Researchers collected information on several physical status variables for the SB group from mother report (i.e., ambulation method, shunt status) and review of medical charts (i.e., type of SB, lesion level, number of shunt surgeries). The majority of participating youth had myelomeningocele (82% myelomeningocele, 12% lipomeningocele, 6% other), lumbar-level lesions (54% lumbar level, 32% sacral level, 13% thoracic), and required assistance for ambulation (63% used braces, 18% used a wheelchair, 19% were unassisted). The majority of youth also had shunted hydrocephalus (71%), and the average number of shunt revisions was 2.50 ( SD  = 2.91) at T1. There were no differences with respect to shunt status, number of shunt revisions and medical surgeries, type of SB, lesion level, or ambulation between those with SB who participated at T6 and those who dropped out of the study.

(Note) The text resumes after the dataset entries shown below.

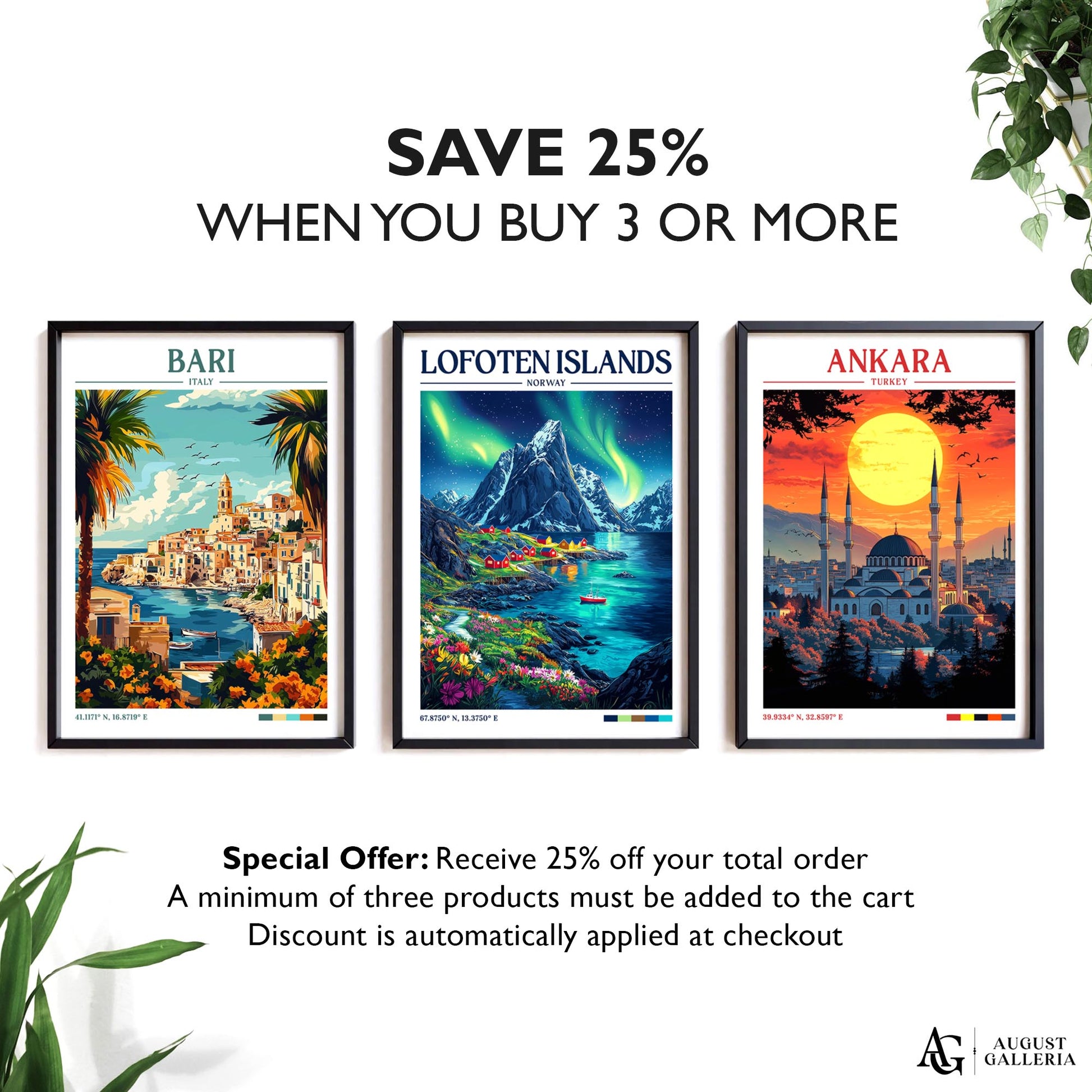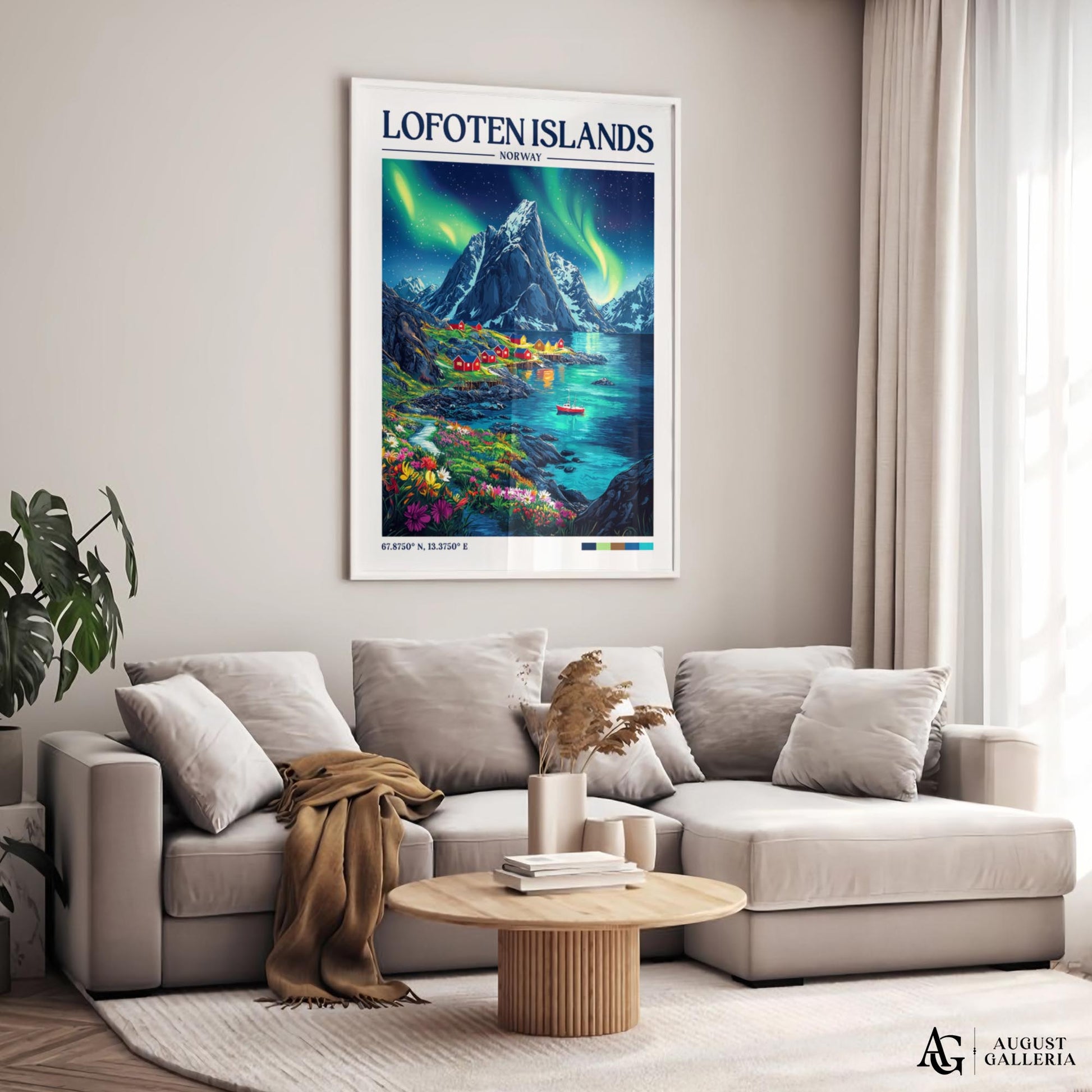 This retro travel illustration captures the dramatic beauty of the Lofoten Islands, where jagged mountain peaks rise sharply above serene fjords and traditional fishing villages dot the coastline. The artwork evokes a sense of adventure and tranquillity, transporting you to northern Norway's remote arctic archipelago. Perfect for those who appreciate wild Nordic landscapes and Scandinavian charm, this print brings a touch of rugged natural wonder to your walls.
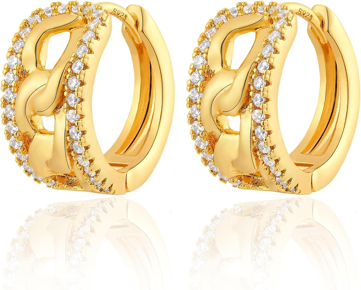 BENEIGE Women Hoop Huggie Earrings 14K Gold Plated Cubic Zirconia Earrings Simple Boho Earrings Handmade Hypoallergenic Jewelry Gifts
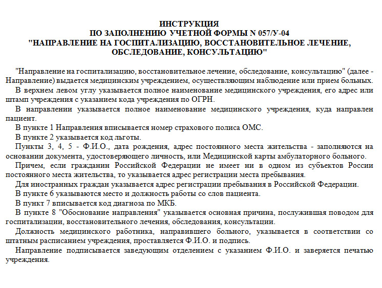 Перечень необходимых мероприятий для госпитализации
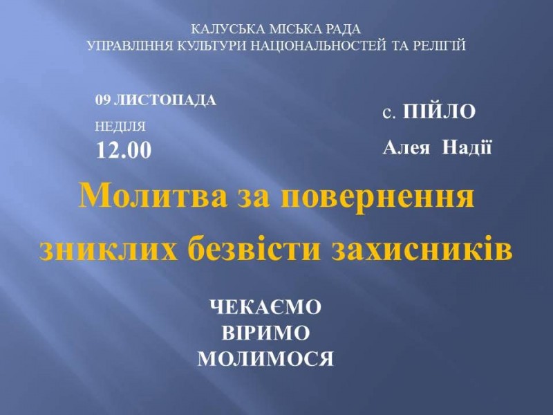 Цього ж дня о 12.00 на Алеї Надії у с. Пійло – молитва за повернення зниклих безвісти Захисників.
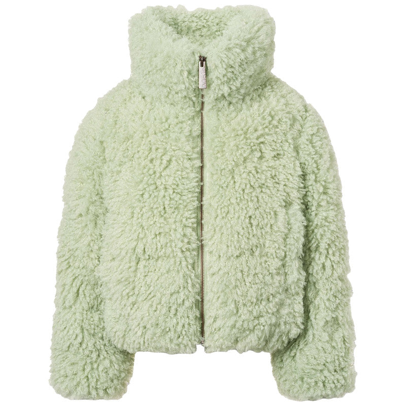In pale mint green, this stylish faux fur jacket by Molo. Beautifully soft and super fluffy, it is ideal for keeping warm in the colder months. Lined in silky satin and gently padded for extra cosiness, it features a high collar and full-length zip.

The incidence of youth internalizing, externalizing, and inattention, and sleep according to the CBCL for the total sample was also examined for descriptive purposes. The percentages of youth with subclinical or clinical t-scores (i.e., ≥ 65) according to mother, father, and teacher reports at T1 and T2 (i.e., preadolescence, aged 8–11 years) were as follows: internalizing (4.0–13.1%), externalizing (2.9–6.4%), and inattention (8.9–18.9%). Per mother and father report of youth sleep disturbances, item-level frequencies (i.e., sleep behaviors occurring “ often ”) and means varied widely across all 6 time points. The most frequently and consistently reported sleep disturbances included being overtired (0.0–5.7%; M  = 0.20–0.36) and having nightmares (0.0–11.3%; M  = 0.10–0.52). Item-level descriptive statistics for all other sleep items were as follows: sleeps less than most children (0.0–6.8%; M  = 0.11–0.18), sleeps more than most children (0.0–8.1%; M  = 0.07–0.28), talks or walks in sleep (0.0–2.7%; M  = 0.05–0.13), and trouble sleeping (0.0–4.7%; M  = 0.11–0.18).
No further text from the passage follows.